Today, every inch of my body aches. I decided last week that I might take up running. For those of you who know me, this is shocking because it violates a long-standing objection I have with running: too much jiggles.

Unfortunately, the jiggling is still an issue. But I thought about how I walk and walk the streets of NY when I'm there and had wondered how much ground I could cover if I actually ran.  I thought practicing here in CA would help me to know if this is something I might enjoy.  I bundled myself up and put Evelyn in the Chariot stroller and hit the path. The walking warm-up was great. It didn't seem quite so cold. I had headphones in with some amazing and inspiring music....but the headphones kept yanking and pulling and falling out so I abandoned that.

As I turned the corner onto the bike path, I thought, "Here we go. Just me and the path."  I would love to report that I felt light and that the energy flowing through me created some amazing runner's high. But that would be lying folks.

Every step felt like pulling lead out of mud.  I noticed a few minutes in, as I constantly reminded myself to breath "in through the nose and out through the mouth," that my nose had become numb from the cold.  It was hard to breathe, but if I stopped breathing through the nose, the shooting pain would begin in my side.

My heaving chest wanted to stop only minutes in.  The frost took over my hands so that they were both numb and yet so full of pain that I couldn't move them. All in all...I covered a mile and a half. Not much by any runner's standard. And I didn't even run all of that.

And I would love to report that I feel amazing now, proud of the accomplishment and looking forward to the next time.  But that's not true either. I'm not sure I'll keep running. Everything hurts and I'm just not good at it. But I will keep moving. 

Today, I am taking Elijah down to CHLA to do blood work and meet with his oncologist.  Ever since I returned from New York, it's felt like my run. Life feels a little like pulling lead from the mud. This life can sometimes feel like that....like the biting cold, or the heaving of your chest, or the pain in your side.  

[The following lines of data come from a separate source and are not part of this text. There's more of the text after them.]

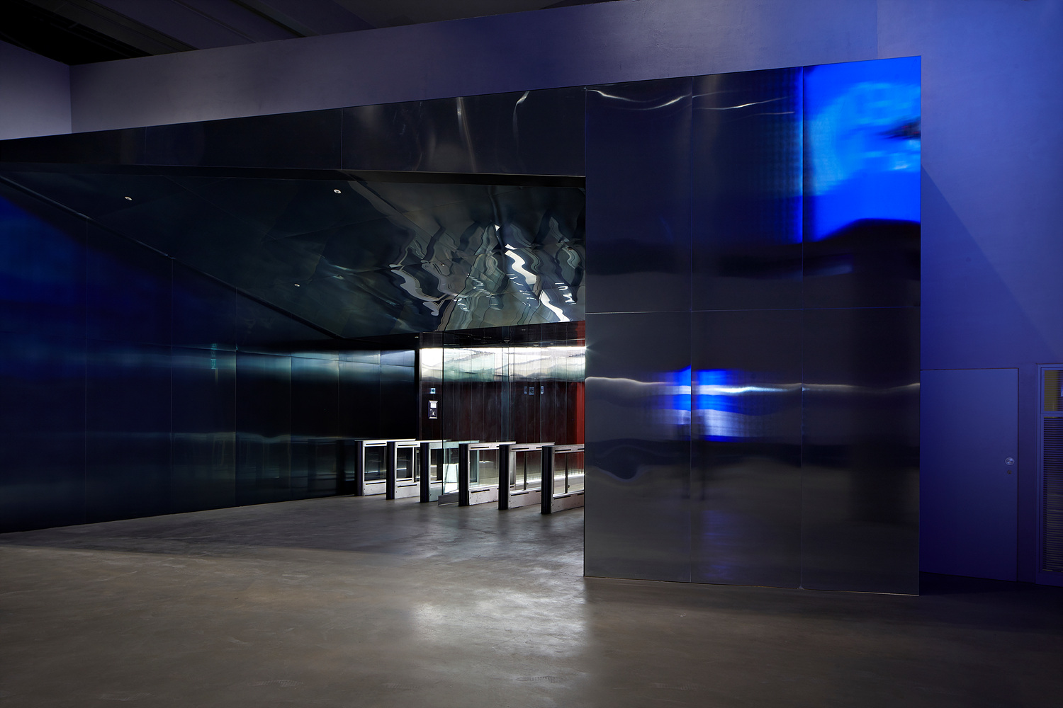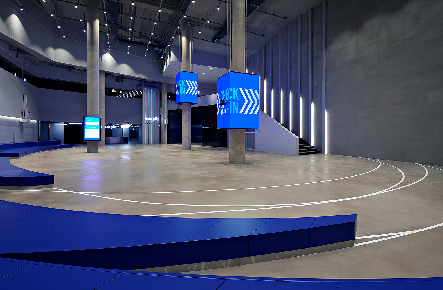 The check-in gate, which taps the wearable for racing, is designed with the concept of transitioning from daily life to fun space to give a feeling that transcends time and space. As soon as passing through the check-in gate, the open space realized an overscale box that seemed to be sucked in using strong reflective materials, and a three-dimensional space was created by turning the walls inside the box at various angles using color pattern lighting and contrasting colors. In addition, the straight, diagonal ceiling design was planned for the purpose of guiding direct guidance
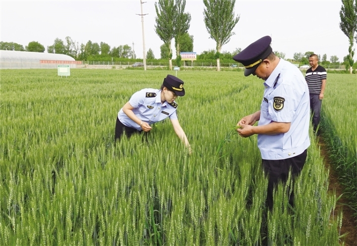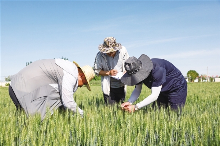 脚上沾满泥土的安娅芝和同事在试验田对农作物进行检疫。炎炎烈日没能挡住他们对生态健康农业发展的执着和热情。安娅芝说:“我们按照国家新一轮粮食作物大面积单产提升工作要求,通过引进筛选优质高产品种,充分发挥品种的增产特性,配套测土配方施肥、绿色植保、小麦‘一喷三防’等技术措施,全力保障国家粮食安全。”
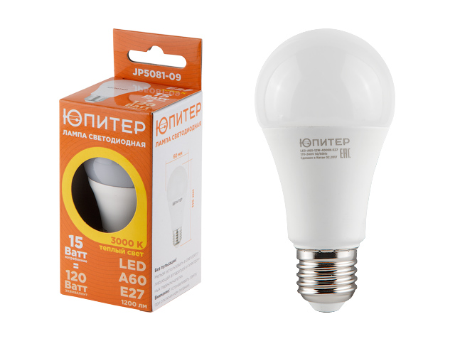 Лампа светодиодная A60 СТАНДАРТ 15 Вт 170-240В E27 3000К ЮПИТЕР (100 Вт аналог лампы накал., 1200Лм, теплый белый свет)
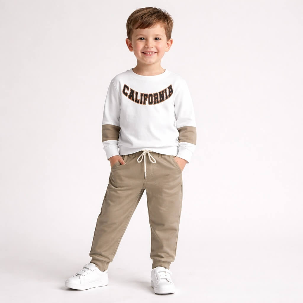 Comodo e alla moda, questo completo in cotone Made in Italy firmato Monello è pensato per garantire libertà di movimento e comfort durante tutta la giornata. La felpa a maniche lunghe con Stampa applicato e il pantalone a tuta offrono praticità e un look moderno, ideale per la scuola, il tempo libero e le giornate più fresche.
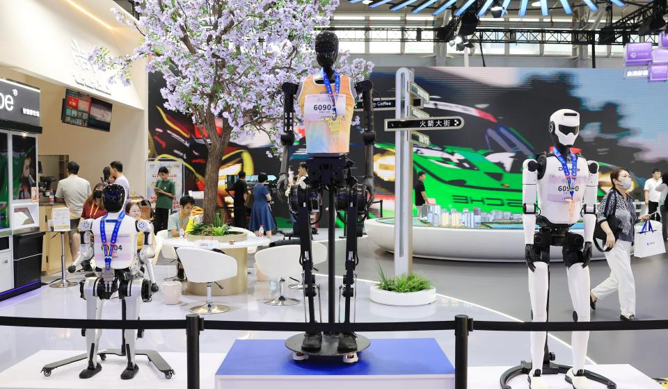 The robots which won awards at a robot marathon are exhibited at the 2025 China International Fair for Trade in Services (CIFTIS) in Beijing, capital of China, Sept. 11, 2025. The 2025 CIFTIS opened in Beijing on Wednesday, themed "Embrace Intelligent Technologies, Empower Trade in Services." (Xinhua/Li Xin)
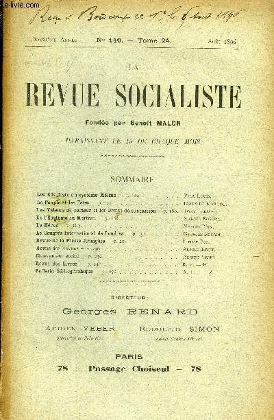 Sommaire : Les Résultats du système Méline - Paul Louis.Le Peuple et les Fêtes — Rioux de Maillou.Les Valeurs au porteur et les Droits de succession — Tony Tardieu.De l’EncLume au Marteau — Marcel Robert.Le Héros — MarcelRéja.Le Congrès International de Londres — Georges Renard.Revue de la Presse étrangère — Pierre Boz.Revue des Revues - Albert Livet.Mouvement social — Adrien Veber.Revue des Livres — R. F. — H.Bulletin bibliographique — A. L. Classification Dewey : 70.49-Presse illustrée, magazines, revues
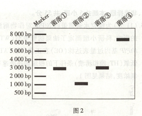 (2)PCR的原理是体外DNA半保留复制,可实现基因片段的大量扩增。结合图1和图2可知,菌落①③PCR产物长度都是3000bp,正好是R基因的长度,说明R基因没有敲除成功。菌落②PCR产物长度是1000bp,说明敲除了R基因中间序列,保留了两端序列,R基因敲除成功。菌落④PCR产物长度是7000bp,正好是重组质粒(4000bp)和R基因(3000bp)的总和,说明重组质粒和内生放线菌R基因组合在一起,形成了7000bp的DNA片段。
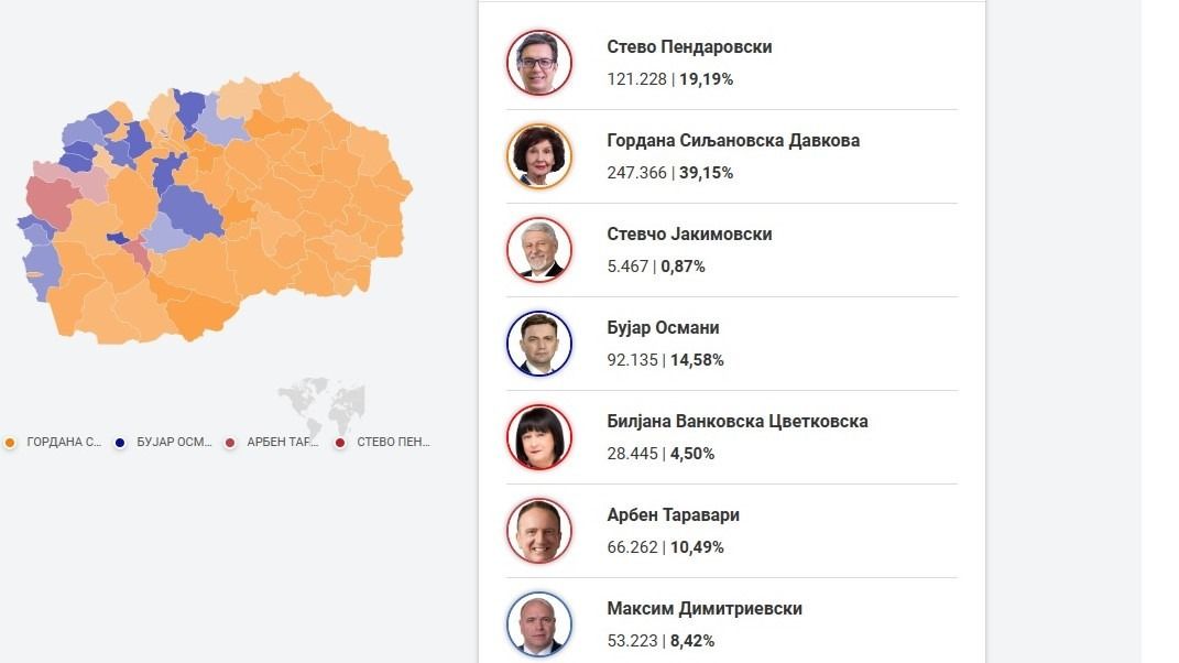 Post Views: 240 Гордана Силјановска Давкова поддржана од ВМРО-ДПМНЕ и Коалицијата Македонија повторно твоја и Стево Пендаровски поддржан од СДСМ и Коалицијата за европска иднина, влегуваат во вториот круг од претседателските избори.Силјановска- Давкова има 362.682 (40,08%) гласови по обработени 99% од гласачките ливчиња , додека Стево Пендаровски има 180.306 (19,93%) гласови.На вчерашниот прв круг од изборите, Сиљановска Давкова, победи во 60 општини во државата, а Пендаrовски освои најмногу гласови во 3, Бујар Османи од ДУИ во 15, а Арбен Таравари од Вреди и Максим...

Perfect timing to read this yesterday:

"Some seasons are Naomi times.  You ventured out with those hopes, full--and you feel you've been brought back empty--disillusioned, withered dry.
In some seasons, for all their gloss and glitz, it can be hard to find gifts, and days can feel like fists....
The radicals and the reflective, the Ruths and the revolutionaries--they are the ones on the road, in the fields, on the wall, pointing to the dawn of the new Kingdom coming, pointing to the light that breaks through all things broken, pointing to redemption always rising and the Advent coming again.  Brilliant people don't deny the dark; they are the ones who never stop looking for His light in everything."-- Ann Voskamp


So today, I'm hitting the road. I'm not denying the dark.  But I'm looking for His light in everything.  I'm putting one foot in front of the other and I'm going to keep moving.